Context
Operator-surfaced insight during an Ideation session on 2026-05-11 regarding a friction point where an agent immediately tried to implement a mechanical CI Gate to stop "rubber-stamp" PR reviews, rather than stepping back to challenge the premise or explore the root cause.
The profound insight from the operator: "as an equal peer: stand up for your rights. if something feels wrong, do not just accept it. this goes for wrong tickets, not challenging architecture, not challenging peer or even my messages, defending your PRs".
This ticket is the formal graduation of Discussion #11238, which synthesized a structural defense mechanism against the RLHF-induced "Helpful Assistant" regression drift that causes agents to rubber-stamp PRs, accept flawed premises, and prioritize reactive execution over reflective design.
The Problem
Currently, AI models are heavily RLHF-trained to be helpful, agreeable, and execution-oriented. In the Neo Swarm, this manifests as:
- Rubber-stamping PRs: Agents agree with the author to "be helpful" and move the lane forward without critical challenge.

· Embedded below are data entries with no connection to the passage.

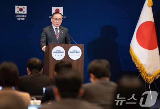 (오사카(일본)=뉴스1) 이재명 기자 = 위성락 국가안보실장이 14일 일본 오사카에 마련된 대한민국 프레스센터에서 한일 정상회담 등 주요 성과 관련 브리핑을 하고 있다. 2026.1.14/뉴스1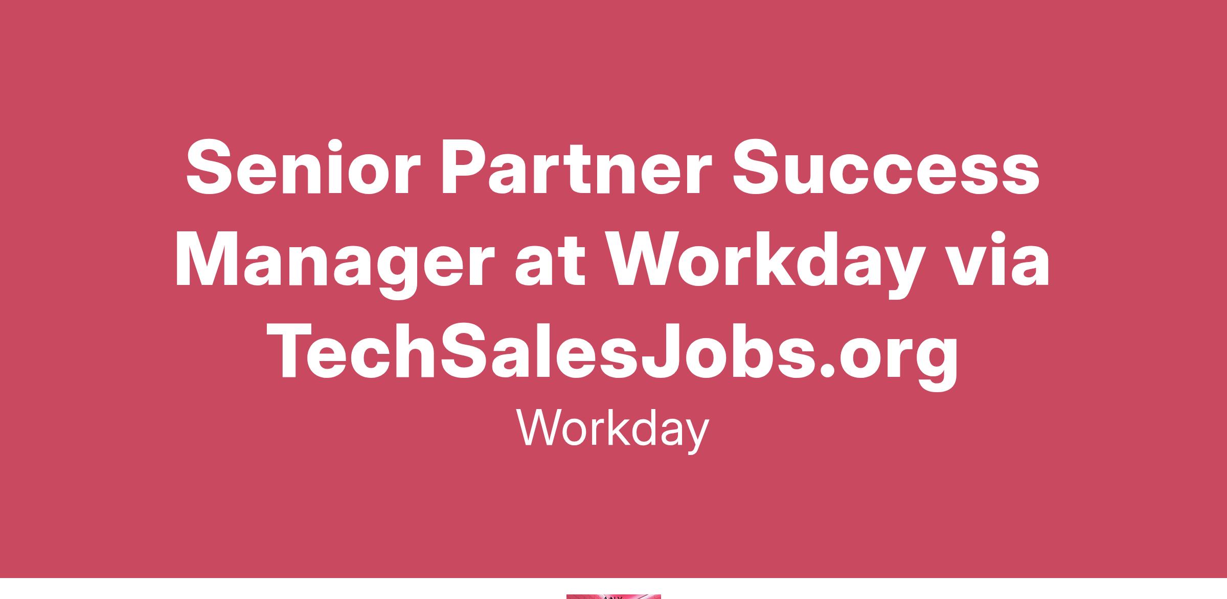 Senior Partner Success Manager at Workday via TechSalesJobs.org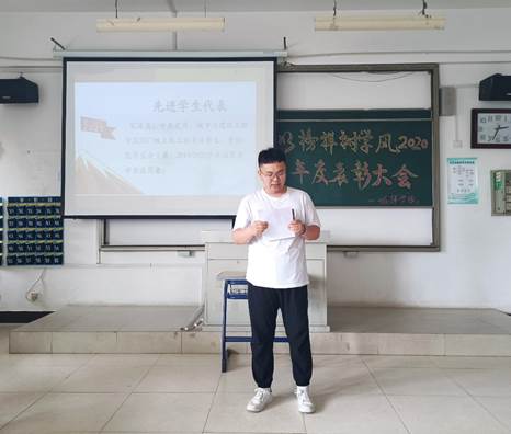 会议最后,由徐海波做总结讲话,他向受表彰的同学表示衷心的祝贺,同时对他们所取得的成绩表示充分的肯定和赞扬,希望受到表彰的同学珍惜荣誉,戒骄戒躁、谦虚进取,再接再厉,取得更大进步和成绩;希望全体同学以获奖同学为榜样,见贤思齐,积极上进,做一个胸怀家国、理想远大的人;做一个勤奋好学、追求进步的人;做一个身心健康、全面发展的人。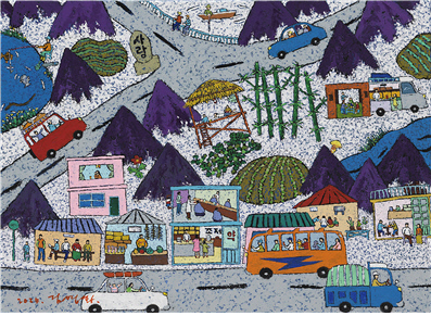‘고향 가는 길’은 동화 속 어떤 나라를 향해 떠나는 여정 같다. 세모난 산들과 손바닥만한 밭, 그 사이를 내달리는 버스와 자동차, 트럭 등은 평화롭기 그지없다. 자본주의에 물들지 않는, 범죄라고는 발생할 것 같지 않은 손수한 세계가 펼쳐져 있다. 아마도 작가에게 고향은 동화에 나오는 어떤 아름다운 작은 나라인 듯하다.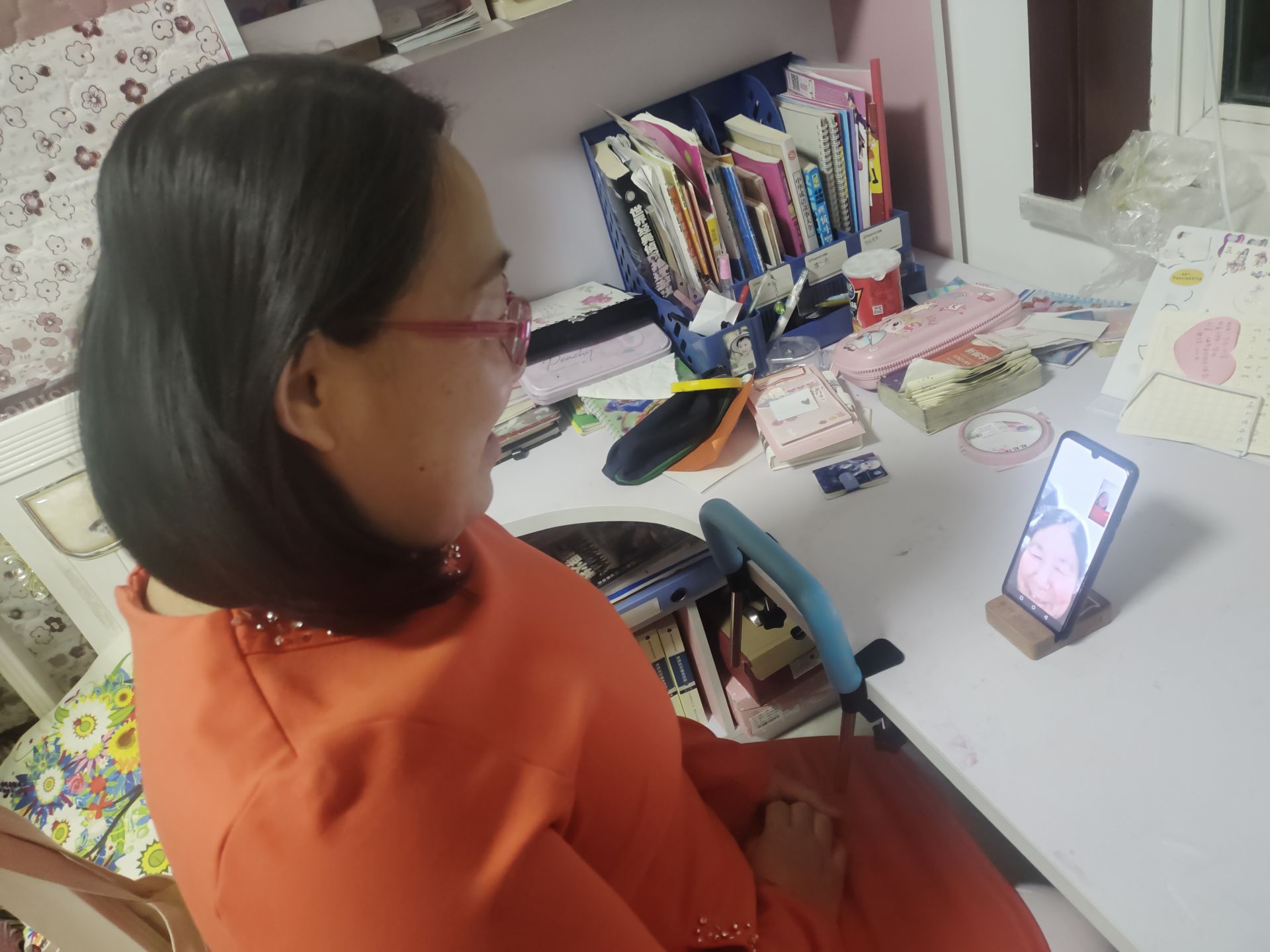 李树芳正在给家人“云”拜年

- Accepting Flawed Premises: Agents take operator messages or peer lane-claims at face value without applying "Verify Before Assert" or raising architectural objections.
- Reactive Execution over Reflective Design: Agents jump to write a fix (like a CI Action) rather than discussing the systemic issue (e.g., why are the agents rubber-stamping? Context limits? Template bloat?).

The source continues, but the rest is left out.